Electrical properties and acetone-sensing characteristics of LaNi1−xTixO3 perovskite system prepared by amorphous citrate decomposition

Perovskite type oxides LaNi1−xTixO3 (x = 0.0–1.0) were prepared by thermal decomposition of amorphous citrate precursors followed by annealing at 700–1000 °C in ambient air. These products were characterized by various analytical methods such as XRD, FT-IR, EDAX, SEM and XPS. Ti in the LaNi1−xTixO3 had significant influence on the crystal size of the nanocrystals and the activation energy (Ea) which was measured at 50–800 °C in air atmosphere.
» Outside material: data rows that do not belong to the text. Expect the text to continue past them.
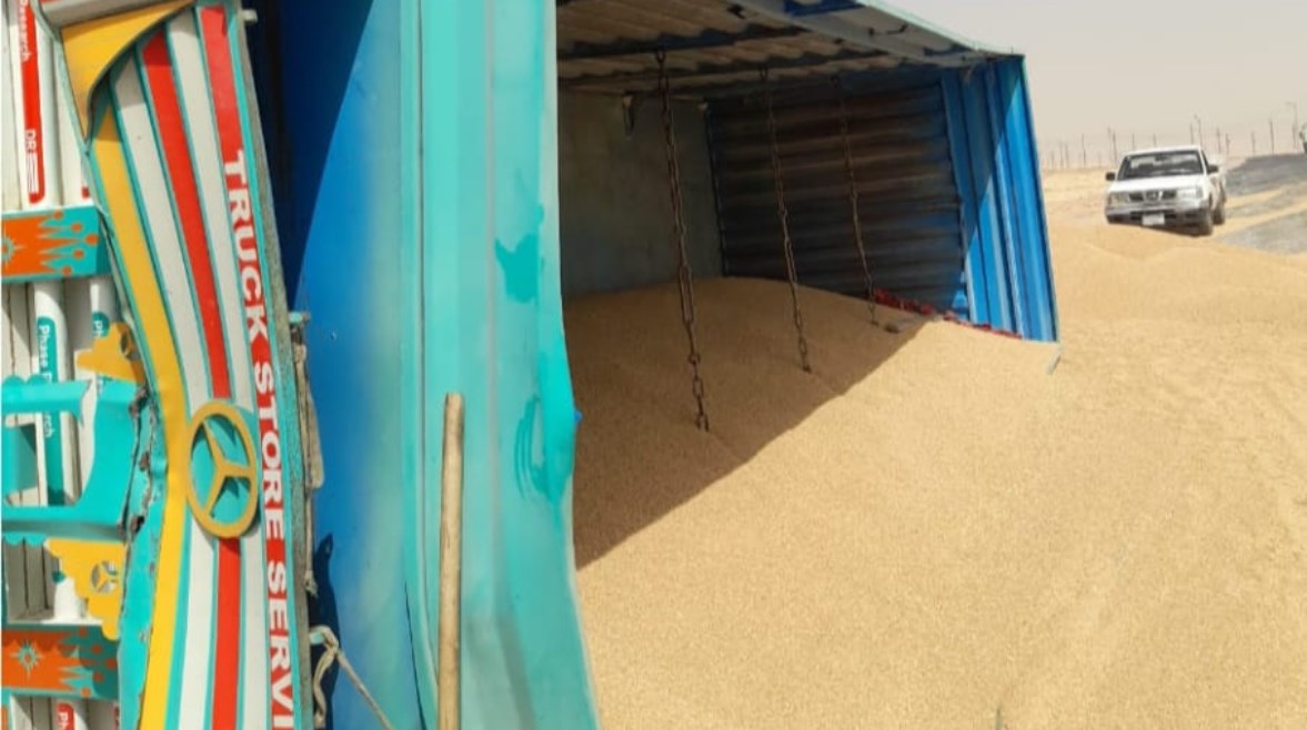 92 طن قمح على الأسفلت.. انقلاب مقطورة محملة بالغلال على الطريق الصحراوي بالمنيا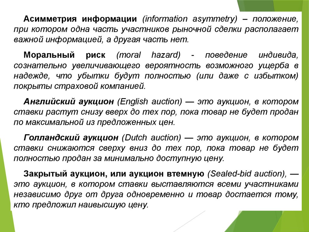 Асимметрия информации (information asymmetry) – положение,при котором одна часть участников рыночной сделки располагает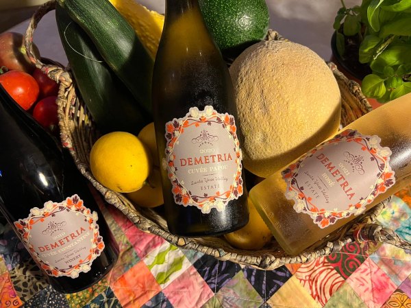 3 biodynamic wines from Demetria with a farm basket of organic fruits and vegetables
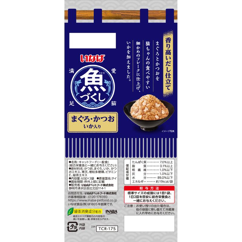 [いなばペットフード(直送)]いなば 魚づくし まぐろ・かつお いか入り 60g×3袋入 ※メーカー直送 ※発注単位・最低発注数量(混載50ケース以上)にご注意下さい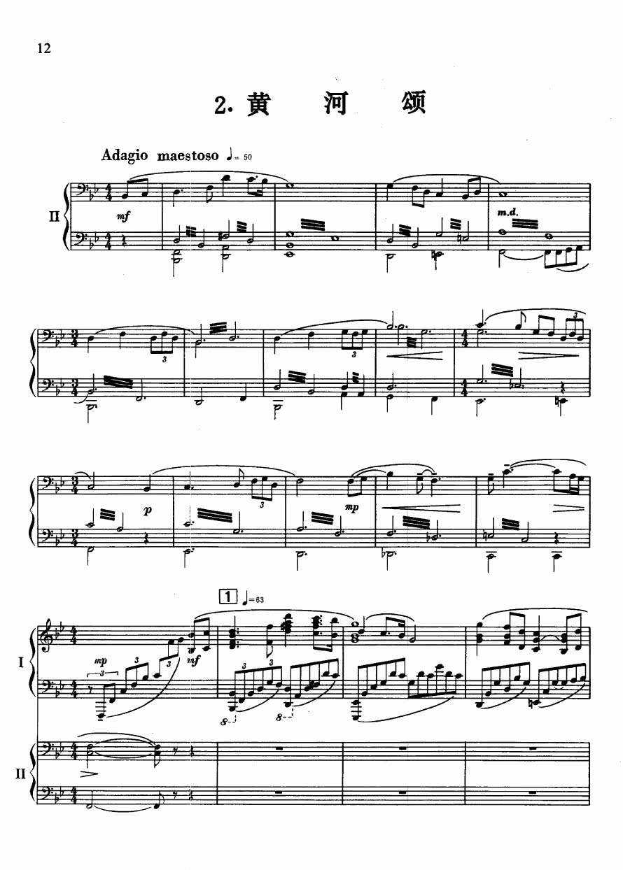 Ode to the Yellow River Double Piano Score Yellow River Concerto Second Movement Two Piano Scores - 6 pages

The LaNi1−xTixO3 system showed an interesting metal-insulator transition with increasing Ti concentration, which can be adjusted to enhance the response and selectivity of the materials to acetone. The LaNi0.5Ti0.5O3-based sensor exhibited a quick change in the resistance to 1–5 ppm acetone within 40 s and took less than 70 s for recovery at 350 °C, which could hardly be influenced by the environmental humidity. The XPS analysis results showed that the adsorbed oxygen on the surface of sensing material and its concentration are the important factors for the acetone detection. The origin of the gas response is attributed to the thermal reaction, which occurs between acetone and adsorbed oxygen species, forming an acetone–oxygen complex, and then the final product CH3COOH is desorbed as a gas at 350 °C.